It's good stuff, and we got a lot of that in this one.
Absolutely.
Yeah, and they all sort of had thematic relevance to each other, the three different calls.
They do that.
They do that.
There tends to be like an arcing narrative, some sort of advice or morality you can get.
So the thing they did was one of the crew members fell asleep on the way home from a set, a production, for 9-1-1 because they were being overworked.
That's what it was.
And I get like wanting to punish the company or whatever, but they're unionized.
This is my perspective from a union employee.
They're like unionized workers.
So they have the mechanism to punish the company already, you know, and if, and if they're not asking for a boycott, I'm not, you know, I don't consider that whatever to be a good thing to waste energy on or whatever.
But anyway, Yeah, wow, what a wonderful episode.
Should we do, like, opening thoughts on the episode?
Did Ani...
Any...
I love this episode, and I'm really excited for you to see the second part, because it's like a double episode arc, and it gets even more ridiculous in the second half.
Um...
We can go through the plot, too.
I know Tony's...
Yeah, I do find that typically the best way to do this one is just to jump into it.
So just like any other episode, 9-1-1, it opens up with an emergency.
So we get this...
It's like an office break area, and there's this one woman who is extremely excited.
She's...
Talking a mile a minute, and she's excited to gab, right?
And her friend comes up, she's like, I don't got time for this, I'm not trying to hear your gabs.
She's excited about this guy who's not wearing his wedding ring, and that might be a thing that's happening.
I like that she said he's waving that naked finger all around, and I was like, waving it around?
Wow.
Were you kind of thinking, is this a guy who's known for being naked, waving his finger around?
That's what I was...
Is this the office naked guy?
Is that her, like, did she grow up Mormon or something?
Is that what she calls a penis?
It's your naked finger.
I mean, I don't know.
I hope it's like a long thumb.
But I did take notice that she was waving it around.

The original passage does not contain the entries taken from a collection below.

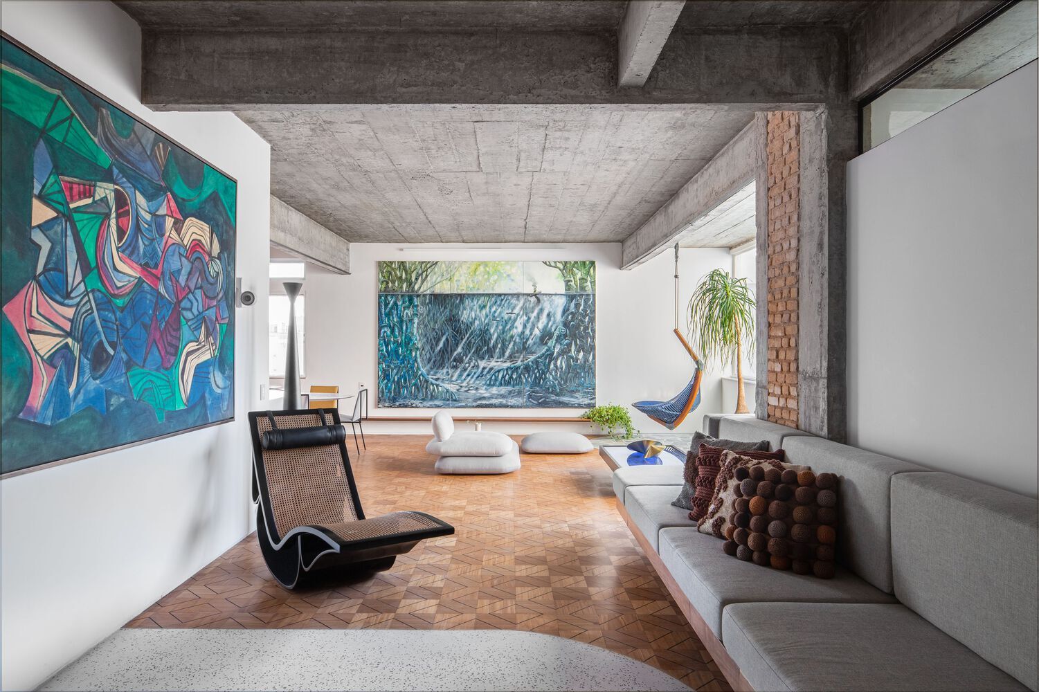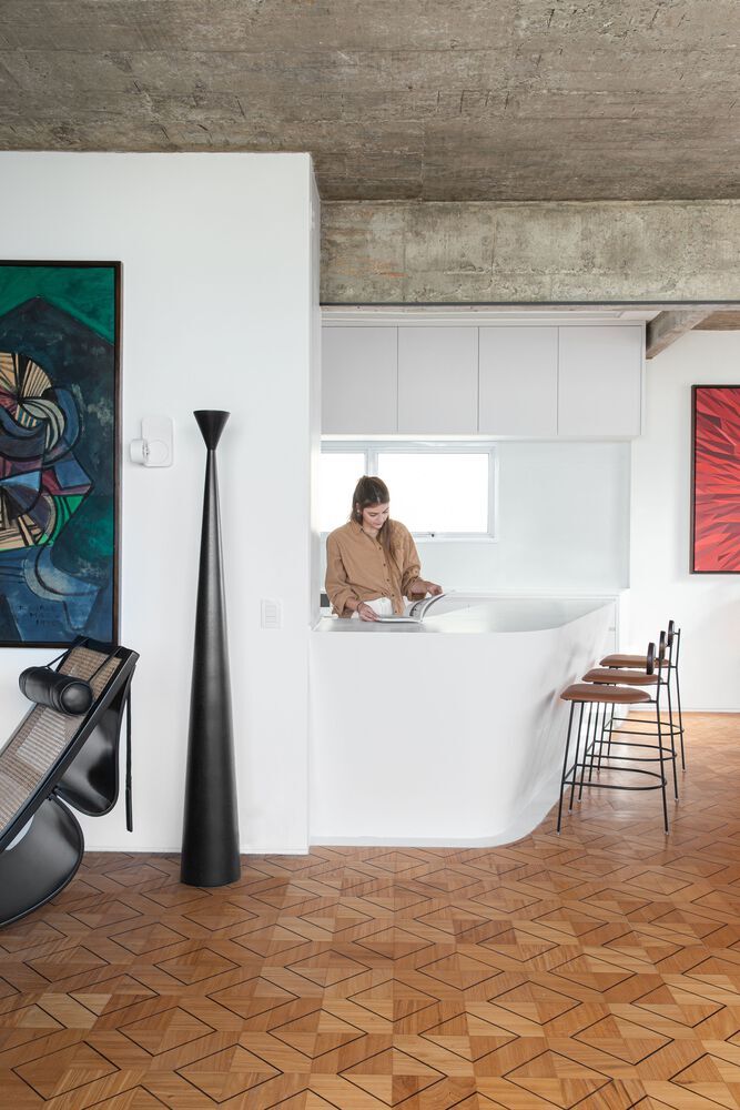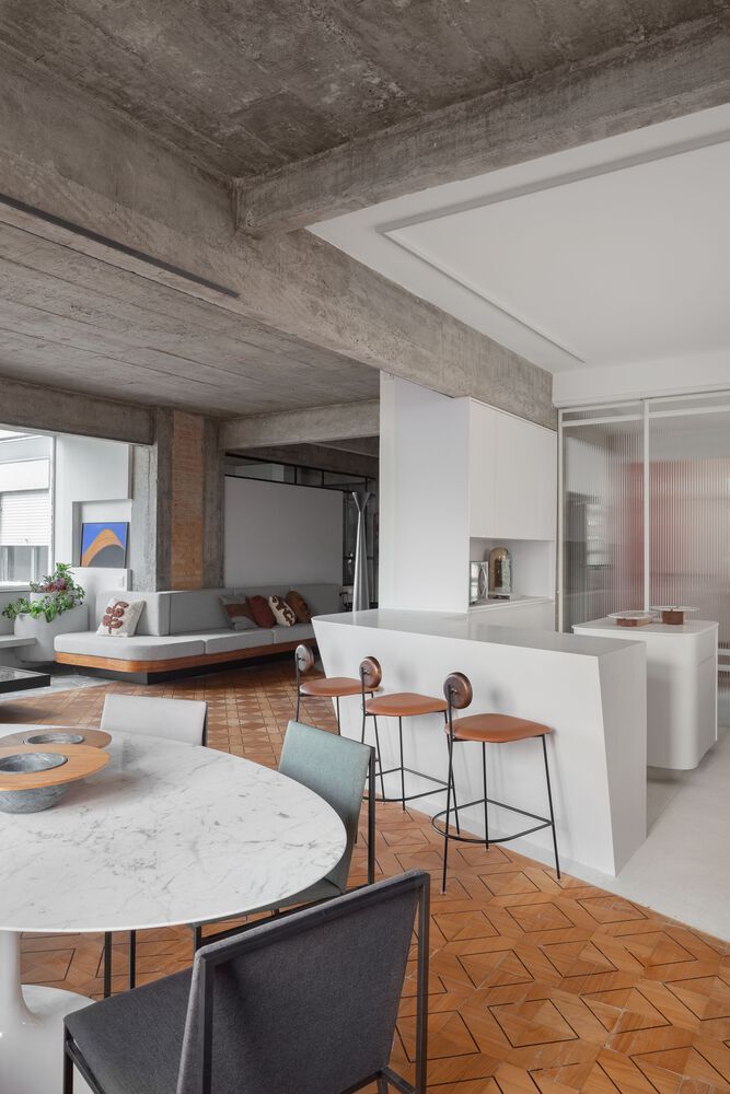 عصر ایران- این پروژه مربوط به طراحی داخلی یک آپارتمان مسکونی به سبک مدرنیستی/بروتالیستی در کشور برزیل می شود. اینجا ترکیب جالبی از نشانه های بروتال و رویکردهای مدرنیستی را مشاهده می کنیم. جذاب ترین عنصر طراحی به سقف سازه مربوط می شود که بتن بدون پوشش، قدرت سبک بروتالیست را بر مخاطبان خود عرضه می کند.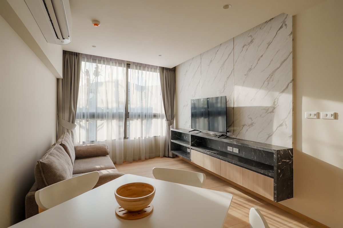 Bienvenue dans votre séjour de détente au cœur de Phuket ! Ce nouveau et confortable appartement d'une chambre à Phyll Phuket est parfait pour les couples ou les voyageurs en solo. Profitez d'un balcon privé, d'une cuisine équipée et d'équipements de style complexe hôtelier, notamment une piscine, une salle de sport et un salon de coworking. Situé à seulement 5 minutes à pied du centre de Phuket, et à seulement 10–15 minutes en voiture de la vieille ville de Phuket et de la plage de Patong, c'est le pied à terre idéal pour des vacances courtes et des séjours longs. 🏝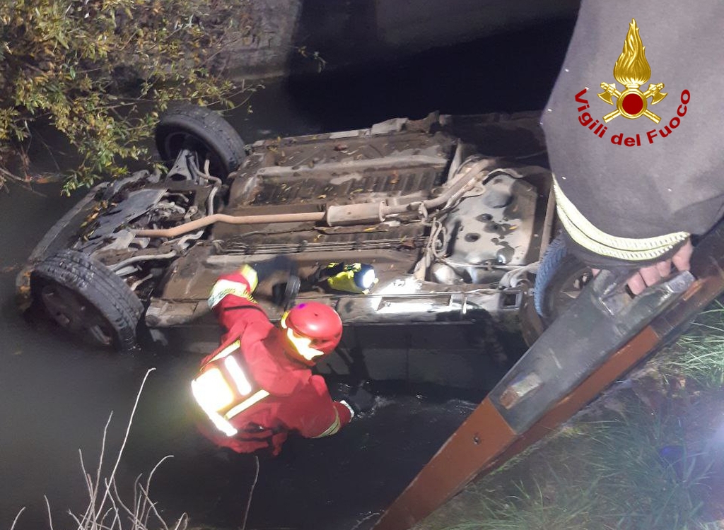 Finisce nel canale con l'auto: conducente esce, il cane resta intrappolato all'interno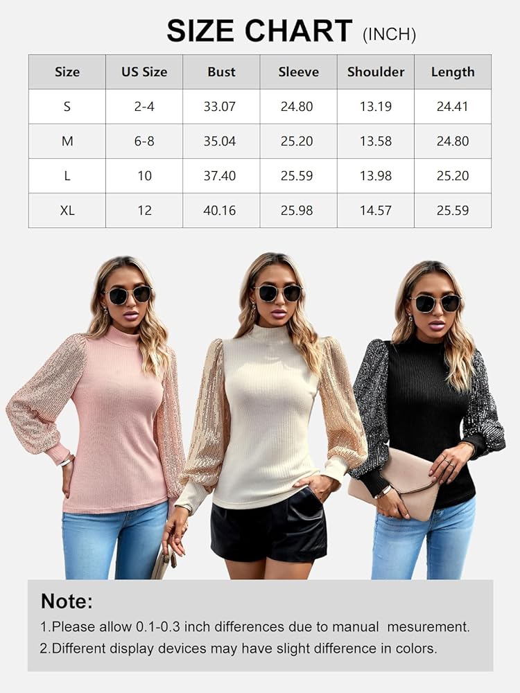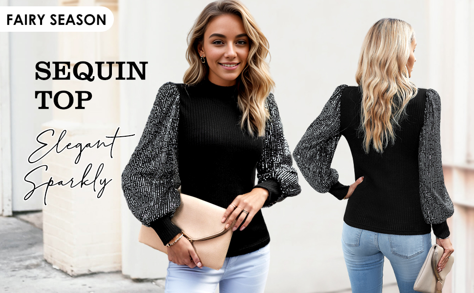 【Features】This Sequin Long Sleeve Top features a chic look, with elastic cuffs and a soft lining. The stretchy fabric and balloon long sleeves fit close to the body, giving you a lovely silhouette.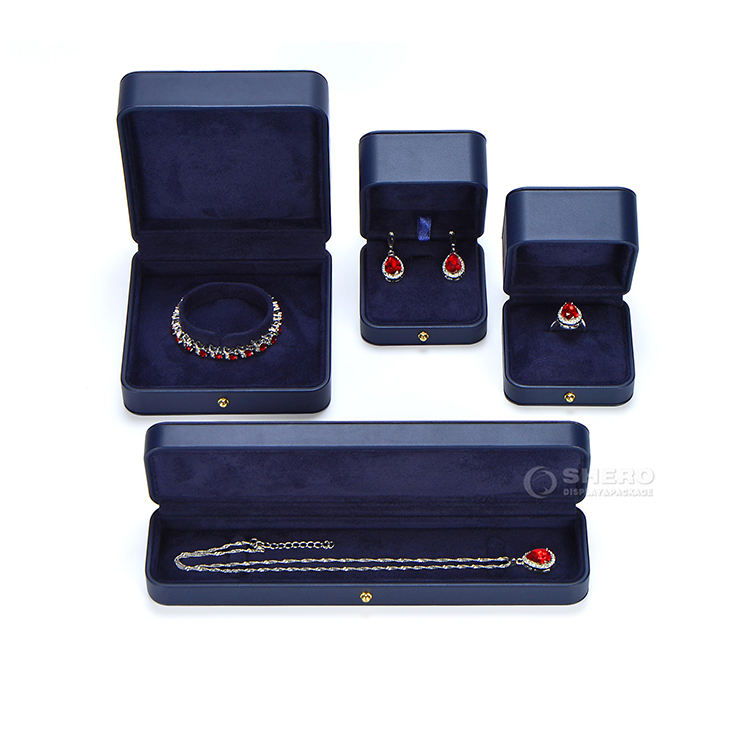 กล่องใส่เครื่องประดับหนัง PU สีน้ำเงิน พร้อมโลโก้สั่งทำ สำหรับแหวน จี้ สร้อยข้อมือ กำไล สร้อยคอ

She's fucking rubbing it in my face that he's getting a divorce.
He wants me to jump on that finger.
That is what was being implied by her.
And the thing that happens, the Chekhov's gun in every episode of 911 is the woman who's coming in, who's fairly normal, makes the comment like, Are you okay?
And she's like, oh, I've been like up all night working hard.

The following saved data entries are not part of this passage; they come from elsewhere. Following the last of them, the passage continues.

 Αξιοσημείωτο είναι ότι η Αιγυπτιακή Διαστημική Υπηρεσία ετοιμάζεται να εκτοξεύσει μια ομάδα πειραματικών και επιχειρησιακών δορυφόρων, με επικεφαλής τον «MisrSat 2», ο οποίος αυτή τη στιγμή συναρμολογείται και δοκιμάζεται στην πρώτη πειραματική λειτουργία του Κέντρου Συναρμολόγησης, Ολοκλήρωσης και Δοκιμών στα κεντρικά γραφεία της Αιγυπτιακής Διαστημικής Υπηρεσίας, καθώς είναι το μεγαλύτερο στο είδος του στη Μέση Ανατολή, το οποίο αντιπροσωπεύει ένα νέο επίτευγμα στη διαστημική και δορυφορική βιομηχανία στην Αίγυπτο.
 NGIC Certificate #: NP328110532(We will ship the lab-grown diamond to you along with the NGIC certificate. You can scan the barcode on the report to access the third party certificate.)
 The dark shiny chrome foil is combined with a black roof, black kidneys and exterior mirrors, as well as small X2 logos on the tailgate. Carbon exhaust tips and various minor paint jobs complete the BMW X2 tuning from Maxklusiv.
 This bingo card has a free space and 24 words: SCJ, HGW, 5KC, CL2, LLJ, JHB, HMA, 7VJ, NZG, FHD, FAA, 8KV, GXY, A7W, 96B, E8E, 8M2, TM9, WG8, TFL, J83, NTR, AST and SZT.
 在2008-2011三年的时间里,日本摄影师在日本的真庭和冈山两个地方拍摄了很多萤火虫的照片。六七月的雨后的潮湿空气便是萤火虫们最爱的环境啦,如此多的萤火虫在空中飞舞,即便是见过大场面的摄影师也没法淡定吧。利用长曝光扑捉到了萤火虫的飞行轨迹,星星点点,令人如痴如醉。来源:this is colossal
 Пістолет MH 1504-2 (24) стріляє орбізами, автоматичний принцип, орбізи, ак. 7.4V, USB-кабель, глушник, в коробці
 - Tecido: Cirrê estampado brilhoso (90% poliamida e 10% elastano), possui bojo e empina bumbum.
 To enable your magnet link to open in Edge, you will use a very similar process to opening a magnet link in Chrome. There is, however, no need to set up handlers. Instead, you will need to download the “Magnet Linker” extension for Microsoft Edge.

And anyways, they're sitting down and midway through, she kind of starts lisping and she's like, you sound funny.
And then her tongue swells up to a comical size.
So big.
It's so funny.
It's a big tongue, folks.
To the size of like a cow tongue, like a beef tongue.
It gets there.
At this point, I'm going to say she has another smaller, slightly smaller, maybe a goat tongue.

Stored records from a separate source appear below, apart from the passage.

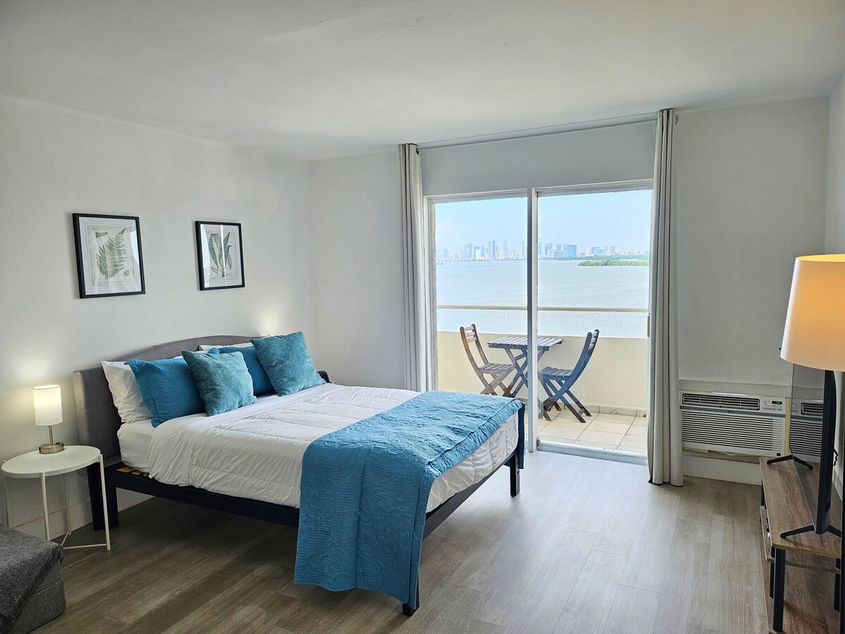 Renoveret studiolejlighed med balkon til 2 personer med fantastisk udsigt. 1 queensize-dobbeltseng. Fuldt udstyret køkken med køleskab, mikrobølgeovn, kaffemaskine, ovn, service, paraplyer og meget mere. 1 komplet badeværelse. Gratis parkering, tøjvask mod et ekstra gebyr. Ideel til dem, der rejser for fornøjelse eller arbejde. 15 minutter med Uber fra Miami Beach, 5 minutter fra stranden, 20 minutter fra den internationale lufthavn og de mest berømte indkøbscentre Intet resortgebyr, engangsregistrering på 15 USD per gæst. Pool midlertidigt ude af drift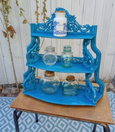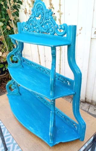 | | Etagère très festonnée en bois, patine usée bleu paon.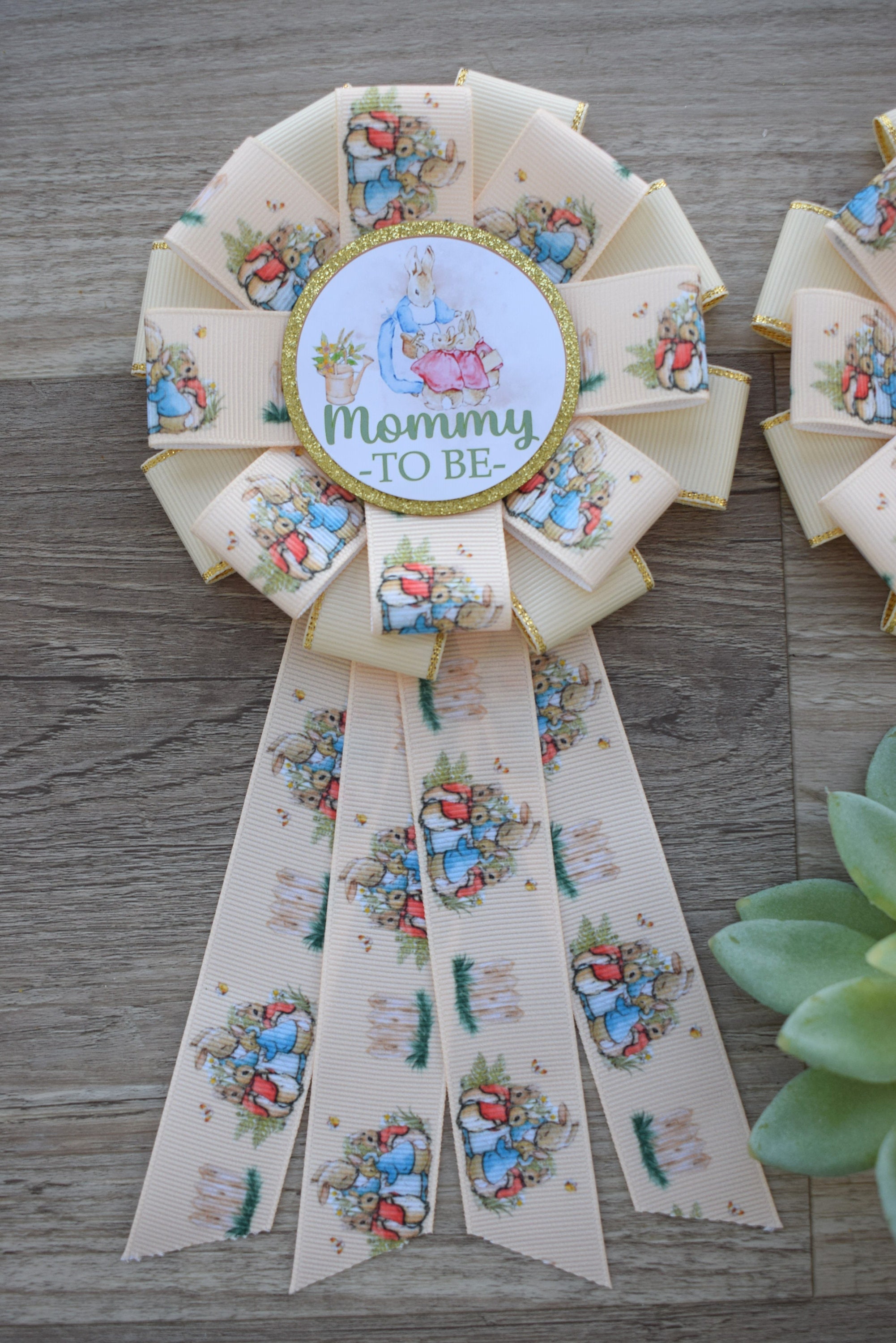 Neutral Gender Reveal Rabbit Baby Shower, Rabbit Bunny Mommy to Be Ribbon Pin, Daddy To Be Pin, Parent's To Be Pins

I don't know what a goat tongue looks like.
I think it's probably pretty big.
It didn't look like any sort of tongue to me.
It was swelling up like a fruit.
It was huge.
It was like a tomato.
Yeah, it was a giant tongue hanging out of her mouth.
And they realize there's an emergency going on.
Call 911.
And honestly, typical, the tongue gets much larger at some point.
Like, don't you want to see...
Was this frickin' Harry Potter?
Don't you want to see that prosthetic tongue?
Don't you want to play with it?
I hope it was real.
I think it was real.
It was a cool texture.
I think it was real.
I think it was a prop.
He had to depress it with the handle end of a spoon at one point.
Her co-worker, who she's trying to gossip to, trying with all of her might to gossip to, who is just not into it, she's cool as a cucumber.
And she's pretty competent.
As soon as she notices the tongue swelling, she's like...
Did you, oh my god, did you, like, drink almond milk?
Did you put almond milk in your coffee?
Yeah.
Which we did see the gossipy lady holding a very clearly labeled almond milk, like, creamer container.
Yeah, and she was like, are you allergic to nuts?
And she's like, I don't know.
Yeah, so she goes EpiPen.
EpiPen doesn't work.
They call 911.
So this was, yeah, she shouts out for an EpiPen.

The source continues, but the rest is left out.